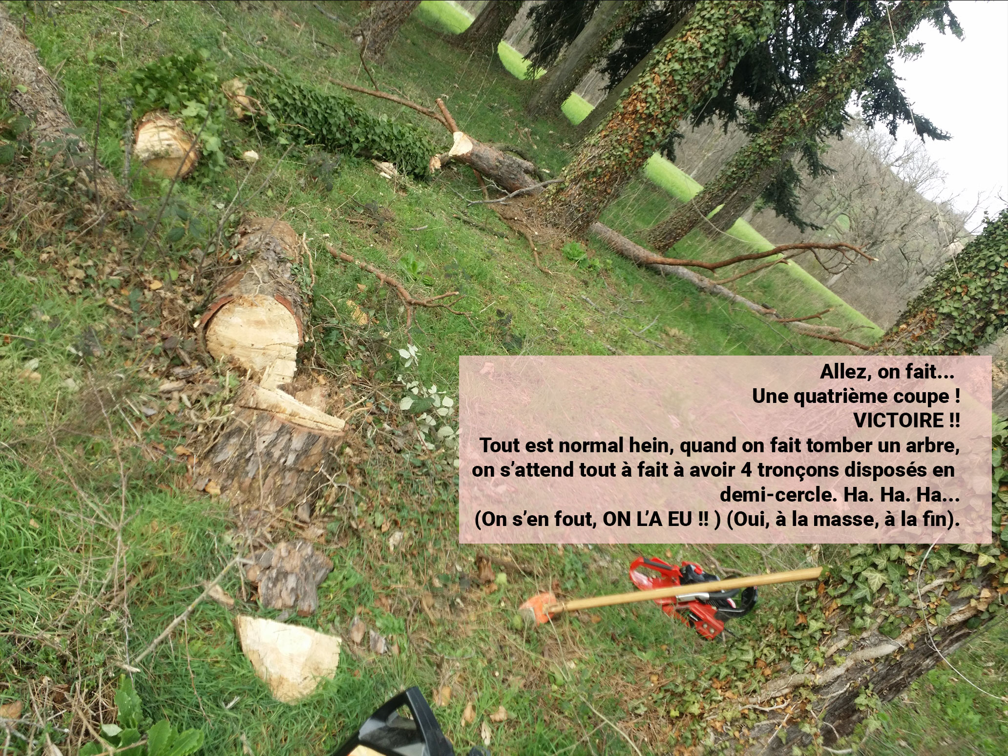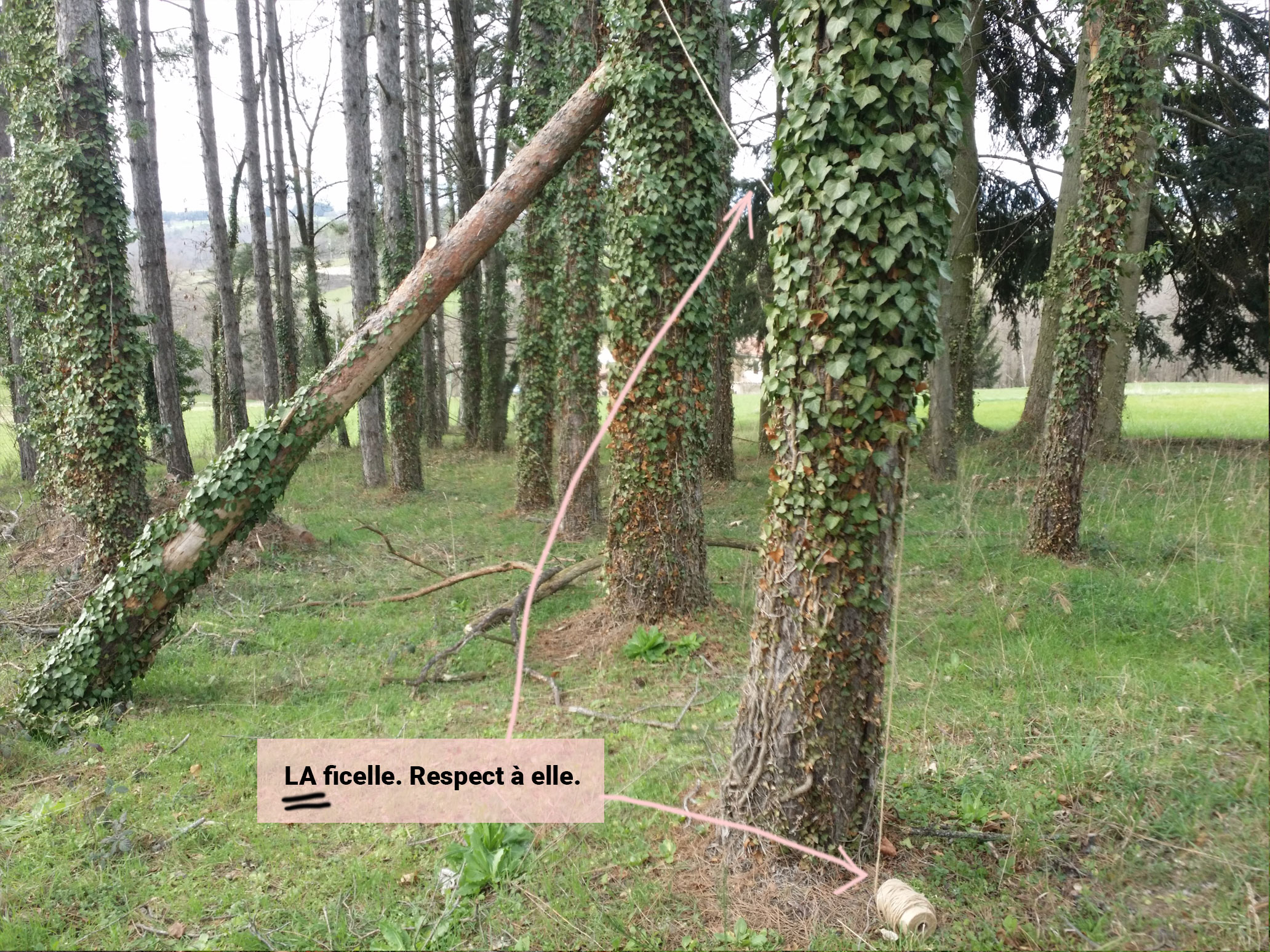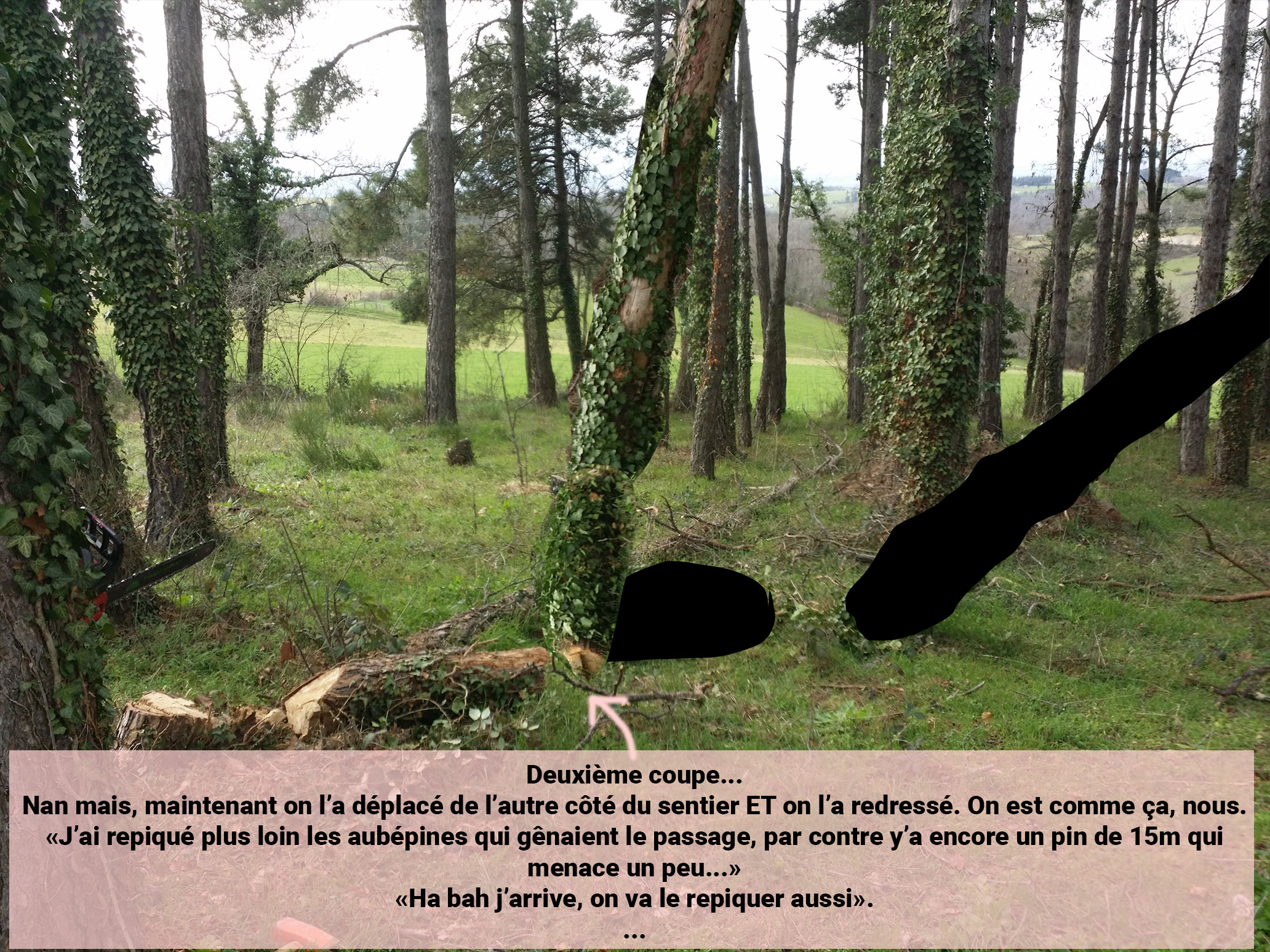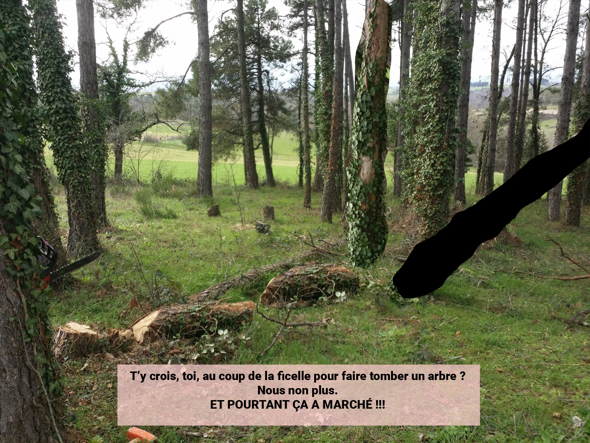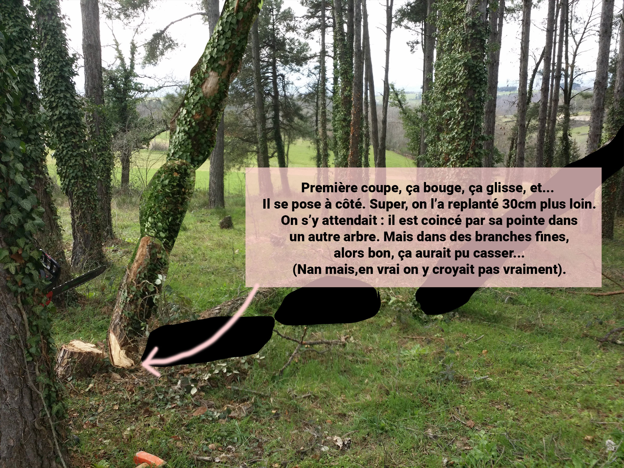 Allez, et pour finir, je vais te raconter l'histoire du pin (pourtant déjà à demi-déraciné) qui récalcitre, parce que quand même, il est annoncé dans le titre... Et pour la peine j'ai même fait des photomontages de fou, avec des légendes et tout. Ouais. Hop, roman-photo. (Ce qu'on ferait pas pour s'occuper, quand on est cloué au canapé... )
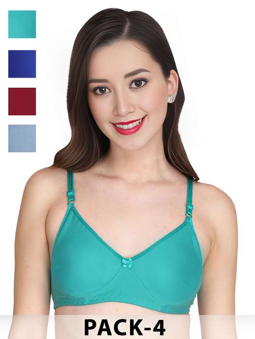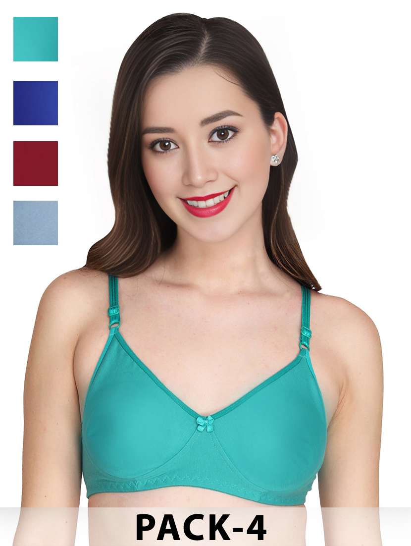 Liigne Women Everyday Padded Bra (Pack Of 4) - Made of Pure Cotton Full Coverage Non Wired Pushup Soft Cup for T-Shirt Saree Dress Sports Garment for Daily Use Everyday
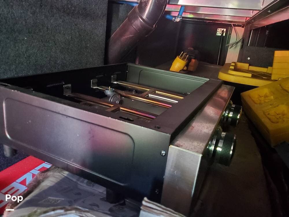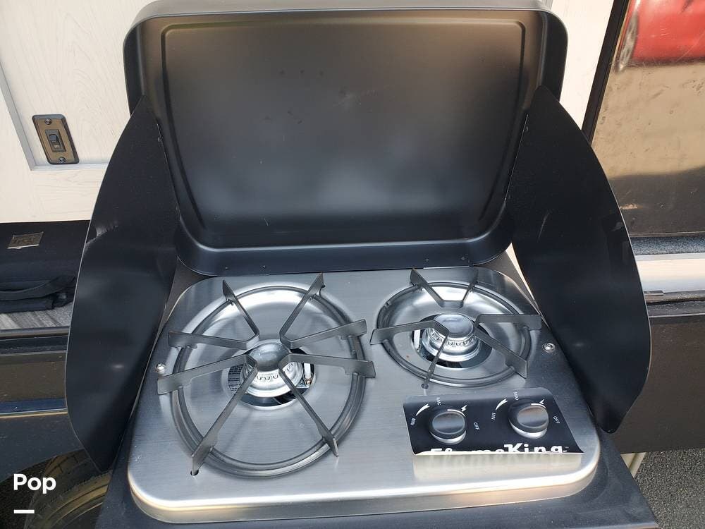 Of course, you'd probably rather cook outside at the outdoor kitchen. You'll have a mini-fridge with a freezer at hand, next to the propane cooktop with a windscreen. Stored to the left is a flatscreen TV, in case the chef's posse needs to be entertained while vittles are in the making. The adjacent spray port makes it convenient to hose things off before packing them away.
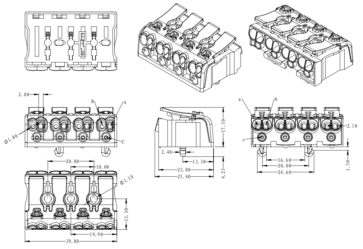 | 用戶側(cè) | a/b孔 | 實(shí)芯線 | 0.5-2.5mm2 | AWG 14-18 |
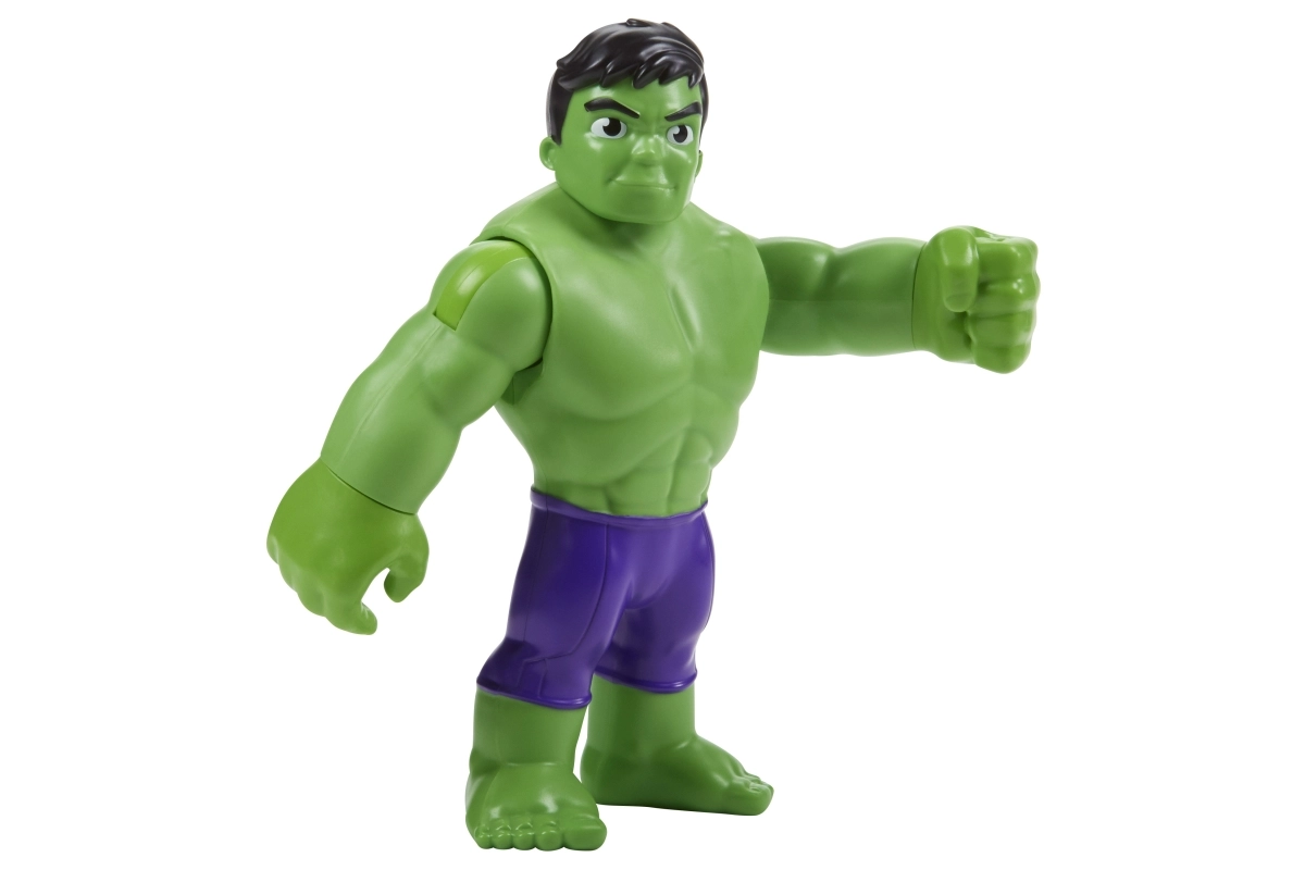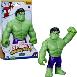 Spēcīgs sabiedrotais mazajiem supervaroņiem! Mega figūriņa Hulk 23 cm no sērijas Spidey un viņa pārsteidzošie draugi piedāvā bērniem no 3 gadu vecuma daudz darbības un izklaides. Tai ir kustināma galva un pleci, tā ir izgatavota no izturīgas plastmasas un lieliski piemērota Disney Junior ainu atkārtotai izspēlei un pašu stāstu izdomāšanai.
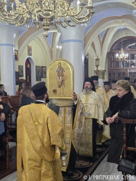 Με την δέουσα εκκλησιαστική τάξη και λαμπρότητα πανηγύρισε την Τρίτη 7 Ιανουαρίου 2025 την Σύναξη του Τιμίου και Ενδόξου Προφήτου Προδρόμου και Βαπτιστού Ιωάννου, ο ομώνυμος Μητροπολιτικός Ιερός Ναός του Αγίου Ιωάννου Προδρόμου Σύμης, με την συμμετοχή πυκνού εκκλησιάσματος.
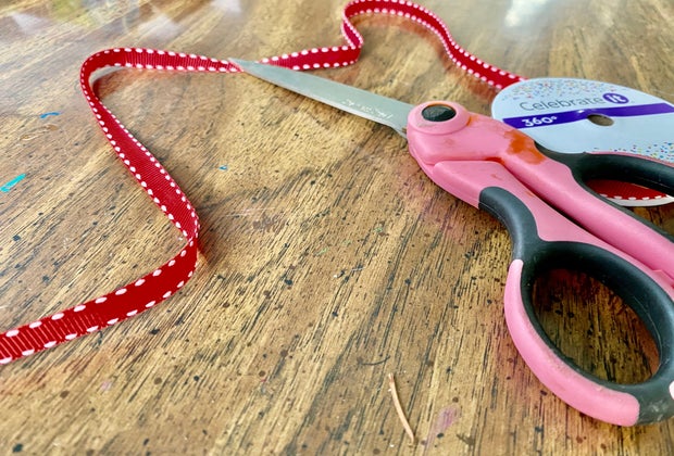 Cut about 18 to 20 inches of ribbon. Keep in mind that you will be wearing this around your neck, so a smooth ribbon will usually work best.

_ _ _ _

> _WHAT THE EXERCISE ASKS_:
When you copy the entries above, keep every word exactly and omit the images.

> _FINAL ANSWER_:
 Allez, et pour finir, je vais te raconter l'histoire du pin (pourtant déjà à demi-déraciné) qui récalcitre, parce que quand même, il est annoncé dans le titre... Et pour la peine j'ai même fait des photomontages de fou, avec des légendes et tout. Ouais. Hop, roman-photo. (Ce qu'on ferait pas pour s'occuper, quand on est cloué au canapé... )
 Liigne Women Everyday Padded Bra (Pack Of 4) - Made of Pure Cotton Full Coverage Non Wired Pushup Soft Cup for T-Shirt Saree Dress Sports Garment for Daily Use Everyday
 Of course, you'd probably rather cook outside at the outdoor kitchen. You'll have a mini-fridge with a freezer at hand, next to the propane cooktop with a windscreen. Stored to the left is a flatscreen TV, in case the chef's posse needs to be entertained while vittles are in the making. The adjacent spray port makes it convenient to hose things off before packing them away.
 | 用戶側(cè) | a/b孔 | 實(shí)芯線 | 0.5-2.5mm2 | AWG 14-18 |
 Spēcīgs sabiedrotais mazajiem supervaroņiem! Mega figūriņa Hulk 23 cm no sērijas Spidey un viņa pārsteidzošie draugi piedāvā bērniem no 3 gadu vecuma daudz darbības un izklaides. Tai ir kustināma galva un pleci, tā ir izgatavota no izturīgas plastmasas un lieliski piemērota Disney Junior ainu atkārtotai izspēlei un pašu stāstu izdomāšanai.
 Με την δέουσα εκκλησιαστική τάξη και λαμπρότητα πανηγύρισε την Τρίτη 7 Ιανουαρίου 2025 την Σύναξη του Τιμίου και Ενδόξου Προφήτου Προδρόμου και Βαπτιστού Ιωάννου, ο ομώνυμος Μητροπολιτικός Ιερός Ναός του Αγίου Ιωάννου Προδρόμου Σύμης, με την συμμετοχή πυκνού εκκλησιάσματος.
 Cut about 18 to 20 inches of ribbon. Keep in mind that you will be wearing this around your neck, so a smooth ribbon will usually work best.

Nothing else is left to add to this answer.